*Records supplied*.
****************

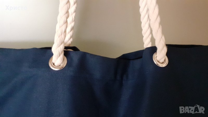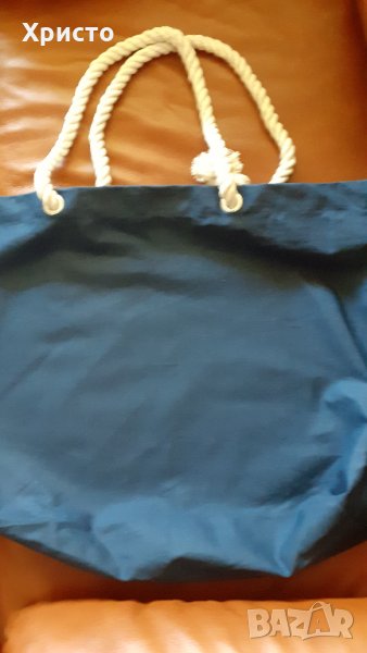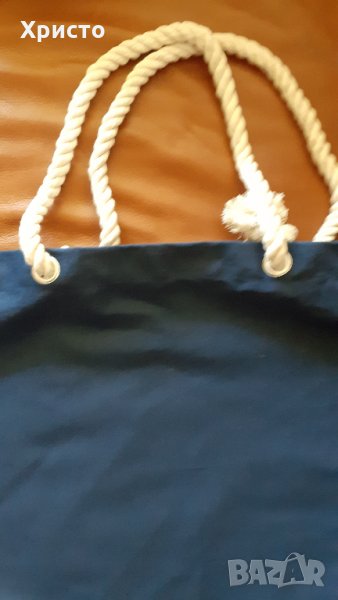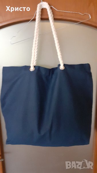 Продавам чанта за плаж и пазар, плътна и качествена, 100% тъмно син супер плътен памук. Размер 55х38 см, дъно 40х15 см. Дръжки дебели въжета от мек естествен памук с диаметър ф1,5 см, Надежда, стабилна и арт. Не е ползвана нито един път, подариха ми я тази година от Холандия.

****************

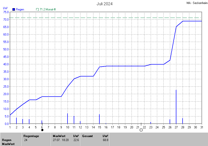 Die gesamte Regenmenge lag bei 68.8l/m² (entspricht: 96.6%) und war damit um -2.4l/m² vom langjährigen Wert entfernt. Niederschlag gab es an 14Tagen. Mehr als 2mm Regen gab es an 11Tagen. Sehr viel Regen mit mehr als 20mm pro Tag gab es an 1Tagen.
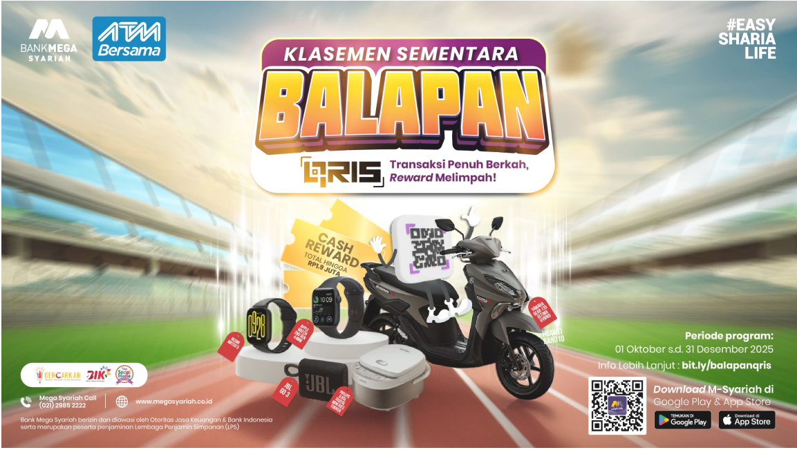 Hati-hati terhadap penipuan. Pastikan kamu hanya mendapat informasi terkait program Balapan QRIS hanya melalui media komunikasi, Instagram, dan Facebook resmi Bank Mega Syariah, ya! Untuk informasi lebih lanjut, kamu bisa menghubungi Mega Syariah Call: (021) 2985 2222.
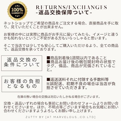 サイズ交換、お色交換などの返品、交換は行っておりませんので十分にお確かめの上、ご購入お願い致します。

****************

Transcribe the lines above exactly, beginning at the one with "Hati-hati terhadap penipuan." and ending at the one with "サイズ交換、お色交換などの返". Include both; exclude the pictures.

*Response*.
 Hati-hati terhadap penipuan. Pastikan kamu hanya mendapat informasi terkait program Balapan QRIS hanya melalui media komunikasi, Instagram, dan Facebook resmi Bank Mega Syariah, ya! Untuk informasi lebih lanjut, kamu bisa menghubungi Mega Syariah Call: (021) 2985 2222.
 サイズ交換、お色交換などの返品、交換は行っておりませんので十分にお確かめの上、ご購入お願い致します。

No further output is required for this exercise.